Performance by Query Complexity

EASY Queries

  • Excellent execution accuracy (96.0%)
  • Strong component matching (75.0%)
  • Covers: Single table operations, basic filtering, COUNT aggregations, MIN/MAX operations

MEDIUM Queries

  • Good execution accuracy (78.9%)
  • Moderate component matching (61.1%)
  • Covers: Multi-table JOINs, GROUP BY operations, temporal filters

HARD Queries

  • Moderate execution accuracy (60.0%)
  • Lower component matching (43.3%)
  • Covers: Mortality rate calculations, nested subqueries, complex temporal analysis

Visualizations

Metrics Comparison

Metrics Comparison

Shows EX (81.6%) significantly exceeds EM (16.9%), indicating semantically correct but syntactically different SQL generation.

Performance by Difficulty

Difficulty Breakdown

Demonstrates performance degradation with increasing complexity.

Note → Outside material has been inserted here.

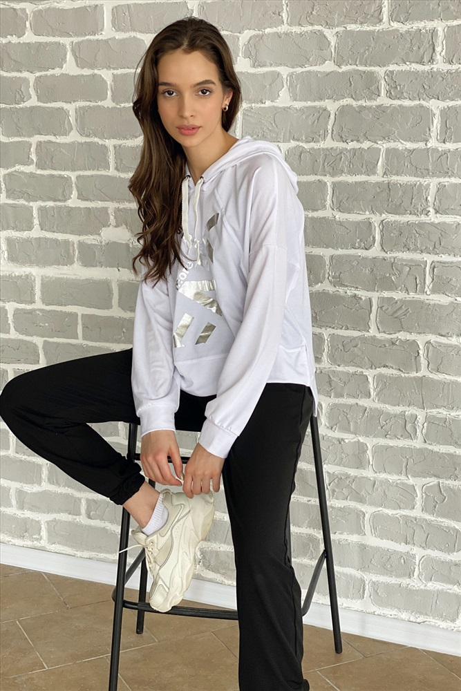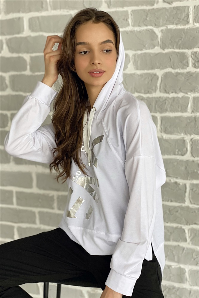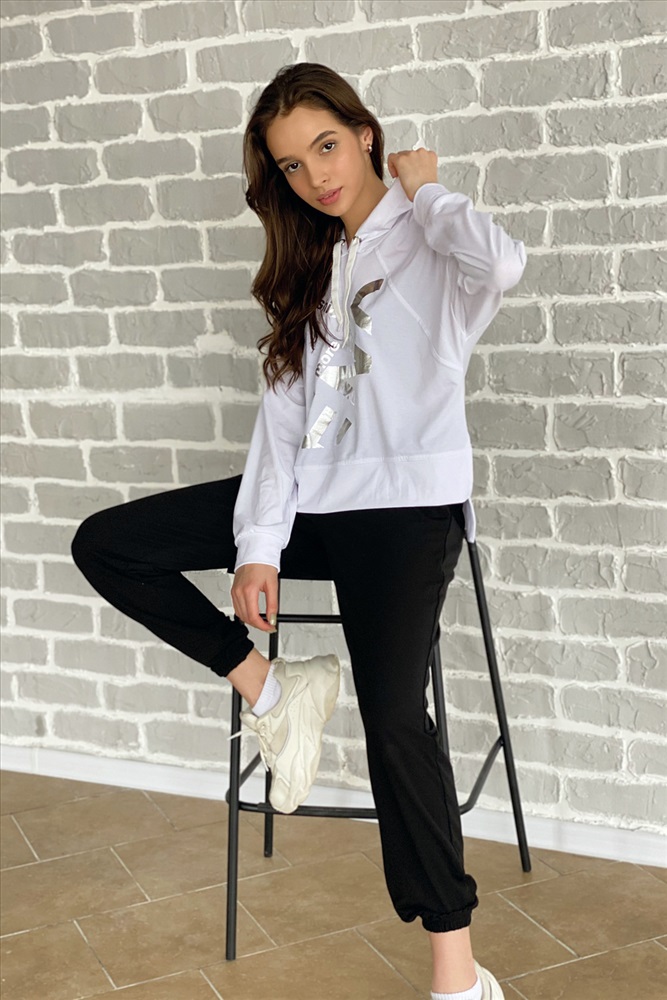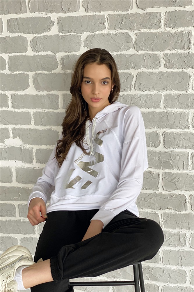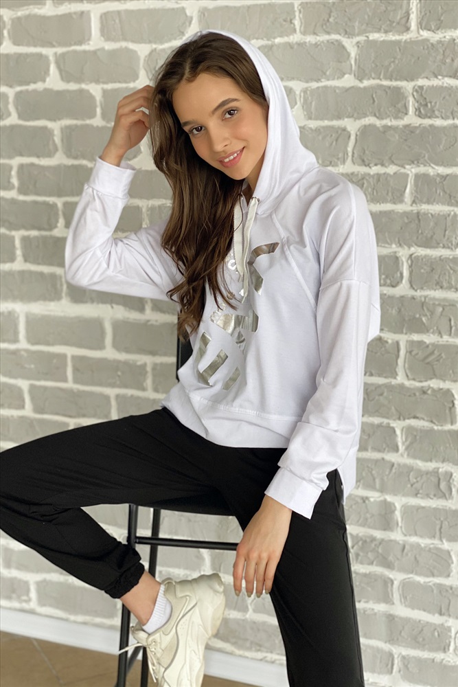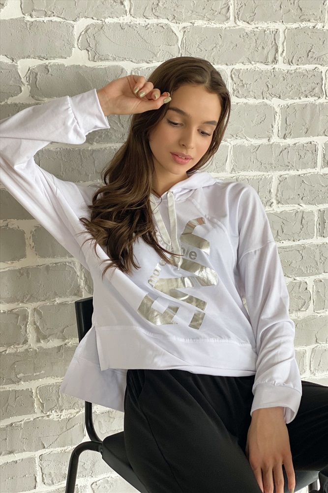 Застежка: без застежки Толстовка прямая, укороченная, с капюшоном, на поясе. Рукав длинный, на манжете. Спинка удлиненная, на поясе. На полочке расположены симметричные кокетки и пояс. В нижней части боковых швов обработаны разрезы.

Gap between EX and EM widens for HARD queries.

Success Rate Distribution

Success Rate

Overall success rate: 100.0% (59/59 queries). Distribution shows strong performance across all difficulty levels.

Analysis

Low EM with High EX

The disparity between EM (16.9%) and EX (81.6%) is expected and indicates SQL flexibility. Multiple syntactically different queries can produce identical results.

Example:

-- Ground Truth (EM = 0)
SELECT COUNT(*) FROM internacoes i
LEFT JOIN mortes m ON i."N_AIH" = m."N_AIH"
WHERE m."N_AIH" IS NULL

-- Agent Generated (EX = 1, EM = 0, CM = 0.7)
SELECT COUNT(*) FROM internacoes
WHERE "N_AIH" NOT IN (SELECT "N_AIH" FROM mortes)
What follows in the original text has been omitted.